Forum Moderators: open

Message Too Old, No Replies

Character set?

         

Emperor

5:28 am on Oct 29, 2004 (gmt 0)

10+ Year Member



Hi guys,

I've been using the following tags for my site, my site is in English:

<meta http-equiv="content-type" content="text/html; charset=iso-8859-1" />

<meta http-equiv="content-language" content="en-us" />

I don't know much about character sets except that in C++ Unicode uses two bytes per character as opposed to one byte for ASCII, and that everything new (Microsoft SDKs) seem to be using Unicode for everything.

So what should I use for my web sites? Thanks.

Emperor

tedster

7:52 pm on Oct 29, 2004 (gmt 0)

WebmasterWorld Senior Member 10+ Year Member



What character set you use depends mostly on the language of your document. Your current character set, iso-8859-1, is a group of "Western European" characters that includes us-ascii's 128 characters plus an extended set of special use characters that are not on the standard keyboard, like trademark and so on.

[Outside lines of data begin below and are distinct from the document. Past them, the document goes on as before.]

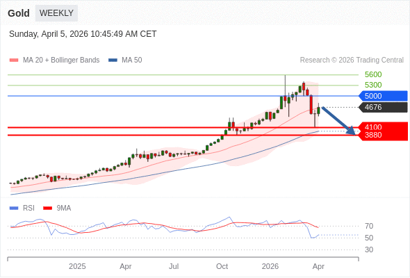 在 5000 之下,看跌,目标价位为 4100 ,然后为 3880 。
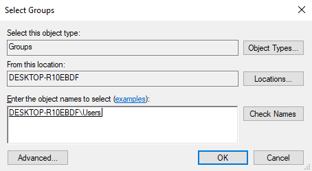 - In the next menu, enter “Users”, then click Check Names.
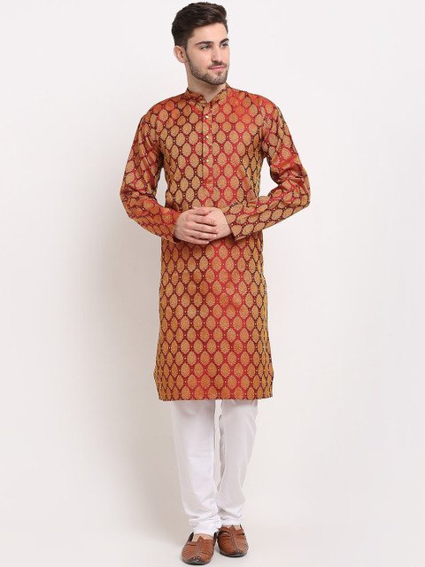 Jompers Men Maroon Ethnic Motifs Printed Regular Kurta with Pyjamas

English language browsers usually default to this charset if you don't explicitly declare the charset in a meta tag - but declaring it is still a good idea. Someone, somewhere may have an easier time viewing your pages because you did.

The iso-8859-2 charset includes the "Central European" characters - I recently learned about it while creating a website in Polish. And there are many more, especially when you get into Asian languages.

Also the big bear is UTF-8, or Unicode Transformation Format-8. It is an octet (8-bit) encoding of Unicode characters. Unicode may well be the future of the web - it is the default encoding for XML and it includes as a subset all the us-ascii characters in a single octet.

UTF-8 is a whole country to explore. If you want to learn about it, one place to begin is [utf-8.com...]

However, if you are creating sites in European languages, then iso-8859-1 and iso-8859-2 should serve you quite well for quite some time.